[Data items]
[Start of Attachment]

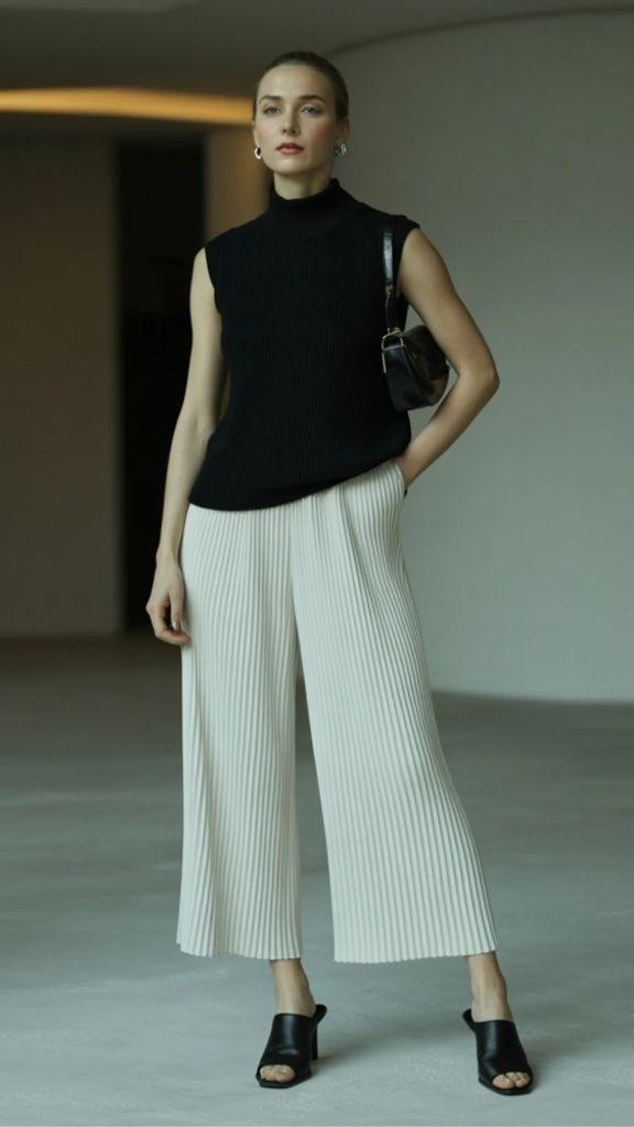 Black and white. Simple as that — and yet this outfit feels anything but basic. A sleeveless black mock neck knit, slightly fitted, paired with crisp ivory pleated culottes that fall in perfectly even accordion pleats to just above the ankle. The contrast is sharp but not harsh, and the overall effect is one of quiet modernism. If you’re looking for high waist pleated culottes that make a statement through structure alone, this is your template.
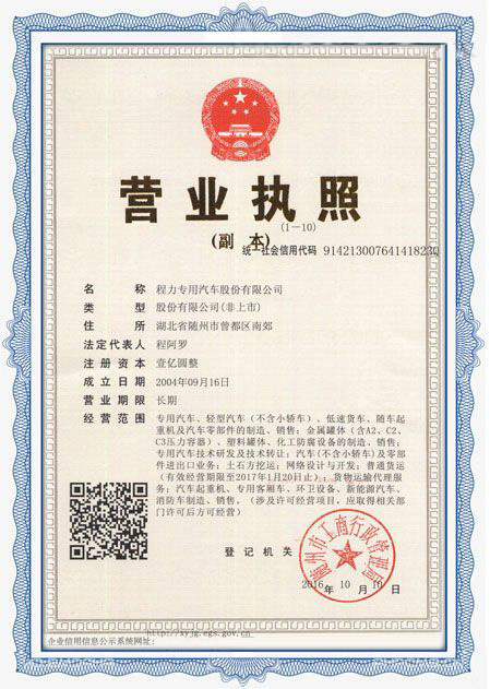 程力專用汽車(chē)股份有限公司各類(lèi)專用汽車(chē)的專業(yè)廠家,大型專用汽車(chē)廠。國(guó)內(nèi)園林綠化、石油化工、市政環(huán)衛(wèi)、壓力容器專用汽車(chē)商。注冊(cè)“程力威”牌,產(chǎn)品代碼:“CLW”。東風(fēng)、解放、福田、重汽、陜汽、北奔等公司的重要合作伙伴,主要從事各類(lèi)專用汽車(chē)的業(yè)務(wù),同時(shí)也銷(xiāo)售各大型廠家的整車(chē)及配件。公司擁有自行出口權(quán),其主導(dǎo)品種有灑水車(chē)系列、吸污(吸糞)車(chē)系列、垃圾車(chē)系列、掃地車(chē)系列、油罐加(運(yùn))油車(chē)系列、高空作業(yè)車(chē)系列、清障車(chē)系列、隨車(chē)吊系列、自卸車(chē)系列、教練車(chē)系列、半掛車(chē)系列、化工車(chē)系列、消防車(chē)系列、廂式(冷藏車(chē))系列、牽引車(chē)系列、粉粒物料車(chē)系列、攪拌車(chē)系列、壓力容器系列、專用車(chē)配件等十八大系列300多個(gè)品種車(chē)型。同時(shí)批發(fā)東風(fēng)、解放、楚風(fēng)各種二類(lèi)底盤(pán)。
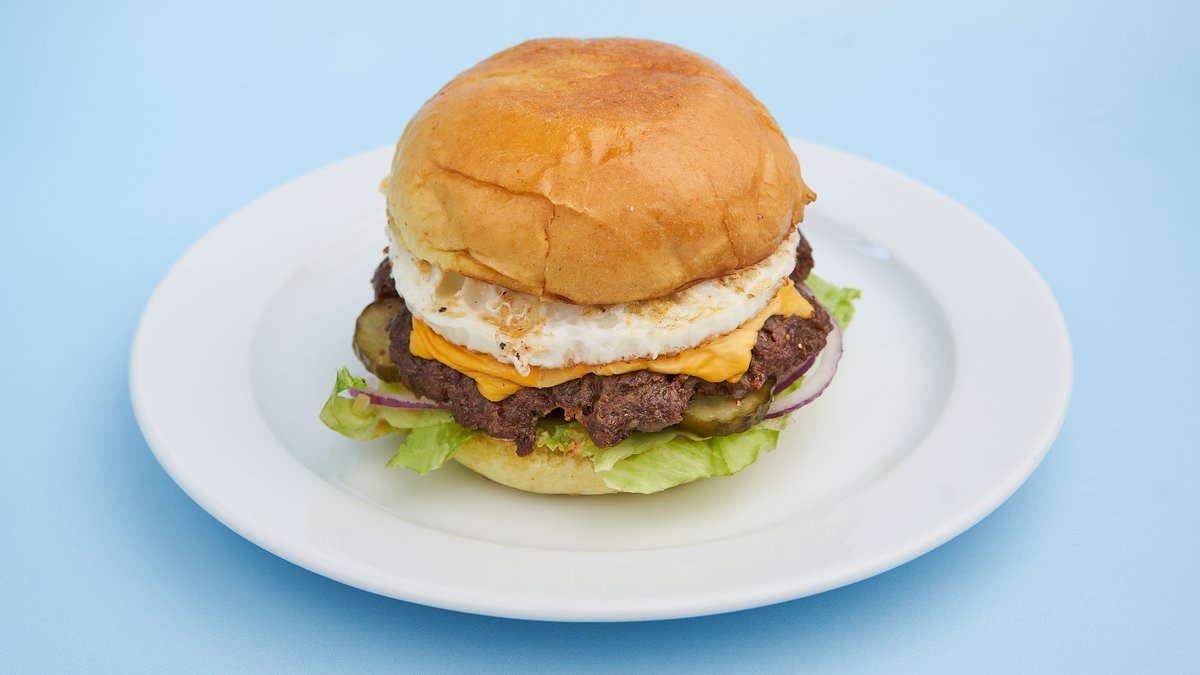 mit 2x Smash-Rindfleischpatties, Spiegelei, BBQ Rind und scharfem Cheddar-Soße
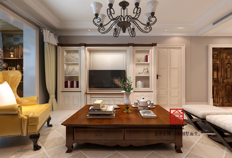 作为家居的休闲阳台,是家里一个点睛之作,神来之笔的五彩小砖的应用,配以浅咖色系薄沙,舒适的躺椅,一杯浓浓的下午茶,会让人忘却一切烦恼,一切琐碎,享受不尽的惬意与舒适。也极大的与客厅大面的高冷形成鲜明的反差,对比之下更有意味,更值得回味。软装配饰是装饰家居的很重要的元素,不规则沙发位的摆放,加上精心布置的一把明黄椅,让人在冷静的空间里眼前一亮,一抹跳色给人带来意想不到的惊喜。奶油黄色的家具和门,使得空间更加的温暖,显得更加的别致有寓意。也彰显这件客户对细节,对生活的一种要求和品质。.
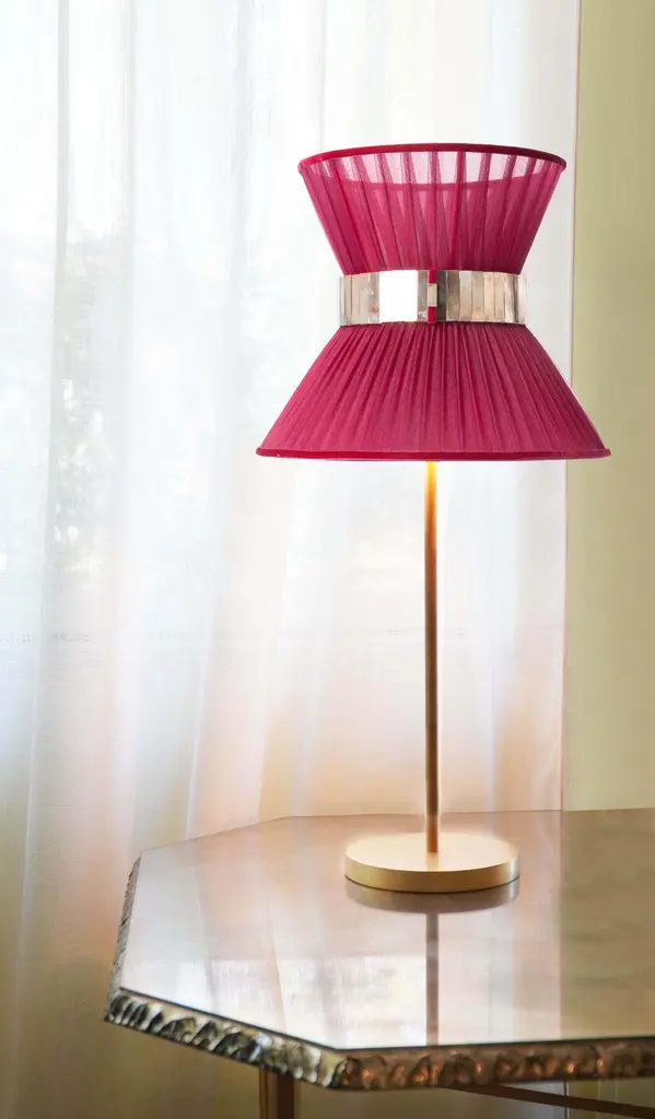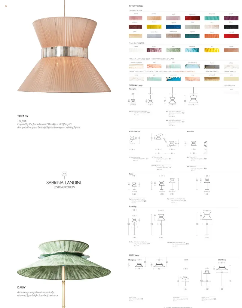 TIFFANY The first one, Audrey inspired the iconicIntroducing Sabrina's breathtaking collection of Tiffany lamps.Year after year Sabrina Landini perpetuates its exceptional expertise, offering much more than a lamp – a touch of originality.Nearly 25 years ago, the first Tiffany lamps were crafted in Sabrina Landini' s workshop, just a stone's throw away from the Milano Navigli. At the House we believe in once-in-a-lifetime Tiffany, the iconic.With its delicate interplay of materials and lines, Tiffany celebrates the art of dazzling and brightening the lives of those you love.The eye-catching glass belt, secretly performed in our Atelier, the variety of silk’ colors and the smooth brass finish, confer uniqueness and natural charme.The perfect balance of allure and sophistication to enrich all kinds of interiors.CE certified and Electrified : US, EU, UK, dimmableAvailable in the lampshade diameter : 23, 30, 40, 60, 80 cm

[End of Attachment]

_What the task asks_
Leave out the images and copy every record above exactly.

_Response for this exercise_
 Black and white. Simple as that — and yet this outfit feels anything but basic. A sleeveless black mock neck knit, slightly fitted, paired with crisp ivory pleated culottes that fall in perfectly even accordion pleats to just above the ankle. The contrast is sharp but not harsh, and the overall effect is one of quiet modernism. If you’re looking for high waist pleated culottes that make a statement through structure alone, this is your template.
 程力專用汽車(chē)股份有限公司各類(lèi)專用汽車(chē)的專業(yè)廠家,大型專用汽車(chē)廠。國(guó)內(nèi)園林綠化、石油化工、市政環(huán)衛(wèi)、壓力容器專用汽車(chē)商。注冊(cè)“程力威”牌,產(chǎn)品代碼:“CLW”。東風(fēng)、解放、福田、重汽、陜汽、北奔等公司的重要合作伙伴,主要從事各類(lèi)專用汽車(chē)的業(yè)務(wù),同時(shí)也銷(xiāo)售各大型廠家的整車(chē)及配件。公司擁有自行出口權(quán),其主導(dǎo)品種有灑水車(chē)系列、吸污(吸糞)車(chē)系列、垃圾車(chē)系列、掃地車(chē)系列、油罐加(運(yùn))油車(chē)系列、高空作業(yè)車(chē)系列、清障車(chē)系列、隨車(chē)吊系列、自卸車(chē)系列、教練車(chē)系列、半掛車(chē)系列、化工車(chē)系列、消防車(chē)系列、廂式(冷藏車(chē))系列、牽引車(chē)系列、粉粒物料車(chē)系列、攪拌車(chē)系列、壓力容器系列、專用車(chē)配件等十八大系列300多個(gè)品種車(chē)型。同時(shí)批發(fā)東風(fēng)、解放、楚風(fēng)各種二類(lèi)底盤(pán)。
 mit 2x Smash-Rindfleischpatties, Spiegelei, BBQ Rind und scharfem Cheddar-Soße
 作为家居的休闲阳台,是家里一个点睛之作,神来之笔的五彩小砖的应用,配以浅咖色系薄沙,舒适的躺椅,一杯浓浓的下午茶,会让人忘却一切烦恼,一切琐碎,享受不尽的惬意与舒适。也极大的与客厅大面的高冷形成鲜明的反差,对比之下更有意味,更值得回味。软装配饰是装饰家居的很重要的元素,不规则沙发位的摆放,加上精心布置的一把明黄椅,让人在冷静的空间里眼前一亮,一抹跳色给人带来意想不到的惊喜。奶油黄色的家具和门,使得空间更加的温暖,显得更加的别致有寓意。也彰显这件客户对细节,对生活的一种要求和品质。.
 TIFFANY The first one, Audrey inspired the iconicIntroducing Sabrina's breathtaking collection of Tiffany lamps.Year after year Sabrina Landini perpetuates its exceptional expertise, offering much more than a lamp – a touch of originality.Nearly 25 years ago, the first Tiffany lamps were crafted in Sabrina Landini' s workshop, just a stone's throw away from the Milano Navigli. At the House we believe in once-in-a-lifetime Tiffany, the iconic.With its delicate interplay of materials and lines, Tiffany celebrates the art of dazzling and brightening the lives of those you love.The eye-catching glass belt, secretly performed in our Atelier, the variety of silk’ colors and the smooth brass finish, confer uniqueness and natural charme.The perfect balance of allure and sophistication to enrich all kinds of interiors.CE certified and Electrified : US, EU, UK, dimmableAvailable in the lampshade diameter : 23, 30, 40, 60, 80 cm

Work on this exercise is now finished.